INSTRUCTIONS TO FOLLOW: For each record below, set it down exactly but leave out any picture.
=== Begin Enclosure ===
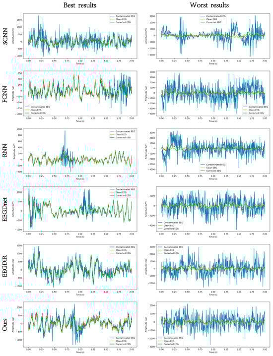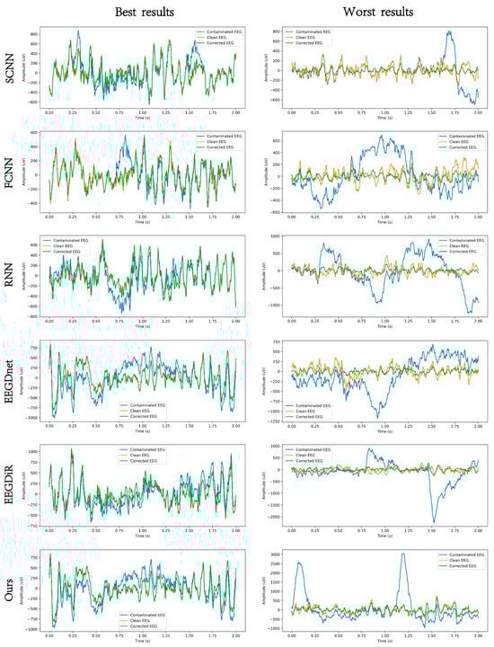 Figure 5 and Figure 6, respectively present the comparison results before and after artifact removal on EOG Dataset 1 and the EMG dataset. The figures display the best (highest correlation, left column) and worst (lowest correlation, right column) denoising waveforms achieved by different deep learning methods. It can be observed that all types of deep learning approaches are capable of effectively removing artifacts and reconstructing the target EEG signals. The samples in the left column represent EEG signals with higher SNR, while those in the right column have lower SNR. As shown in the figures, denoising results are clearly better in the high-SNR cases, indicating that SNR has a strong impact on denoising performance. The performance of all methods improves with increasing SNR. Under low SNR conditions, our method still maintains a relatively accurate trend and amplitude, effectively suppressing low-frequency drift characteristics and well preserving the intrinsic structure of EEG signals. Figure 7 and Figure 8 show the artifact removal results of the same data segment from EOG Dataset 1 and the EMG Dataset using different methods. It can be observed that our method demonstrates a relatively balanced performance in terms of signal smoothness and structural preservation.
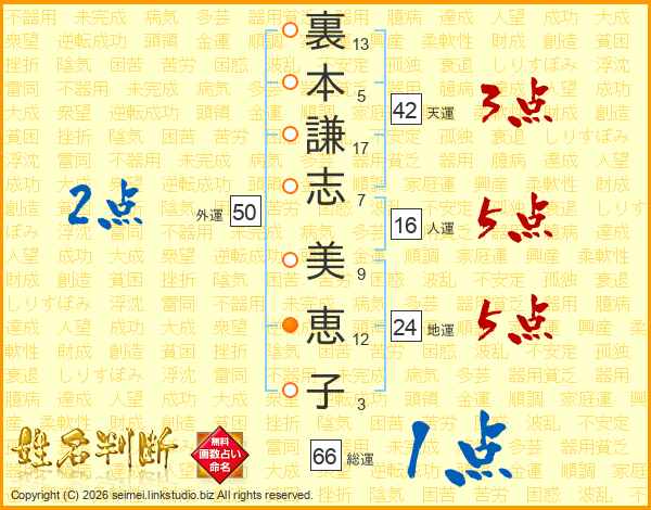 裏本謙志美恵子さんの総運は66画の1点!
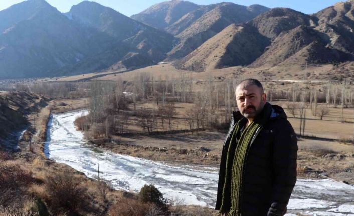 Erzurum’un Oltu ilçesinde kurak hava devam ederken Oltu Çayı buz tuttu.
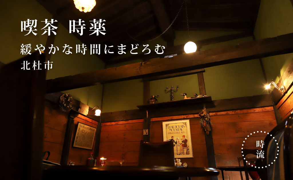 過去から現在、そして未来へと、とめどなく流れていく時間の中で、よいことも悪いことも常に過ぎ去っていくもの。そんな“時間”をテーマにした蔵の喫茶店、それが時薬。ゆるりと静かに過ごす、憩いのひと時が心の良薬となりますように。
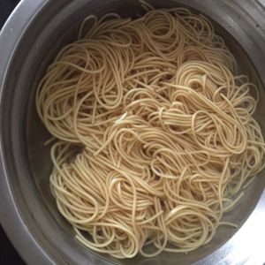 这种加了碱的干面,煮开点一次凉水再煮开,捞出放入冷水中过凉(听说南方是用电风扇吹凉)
=== End Enclosure ===
ANSWER TO THE PROBLEM:
 Figure 5 and Figure 6, respectively present the comparison results before and after artifact removal on EOG Dataset 1 and the EMG dataset. The figures display the best (highest correlation, left column) and worst (lowest correlation, right column) denoising waveforms achieved by different deep learning methods. It can be observed that all types of deep learning approaches are capable of effectively removing artifacts and reconstructing the target EEG signals. The samples in the left column represent EEG signals with higher SNR, while those in the right column have lower SNR. As shown in the figures, denoising results are clearly better in the high-SNR cases, indicating that SNR has a strong impact on denoising performance. The performance of all methods improves with increasing SNR. Under low SNR conditions, our method still maintains a relatively accurate trend and amplitude, effectively suppressing low-frequency drift characteristics and well preserving the intrinsic structure of EEG signals. Figure 7 and Figure 8 show the artifact removal results of the same data segment from EOG Dataset 1 and the EMG Dataset using different methods. It can be observed that our method demonstrates a relatively balanced performance in terms of signal smoothness and structural preservation.
 裏本謙志美恵子さんの総運は66画の1点!
 Erzurum’un Oltu ilçesinde kurak hava devam ederken Oltu Çayı buz tuttu.
 過去から現在、そして未来へと、とめどなく流れていく時間の中で、よいことも悪いことも常に過ぎ去っていくもの。そんな“時間”をテーマにした蔵の喫茶店、それが時薬。ゆるりと静かに過ごす、憩いのひと時が心の良薬となりますように。
 这种加了碱的干面,煮开点一次凉水再煮开,捞出放入冷水中过凉(听说南方是用电风扇吹凉)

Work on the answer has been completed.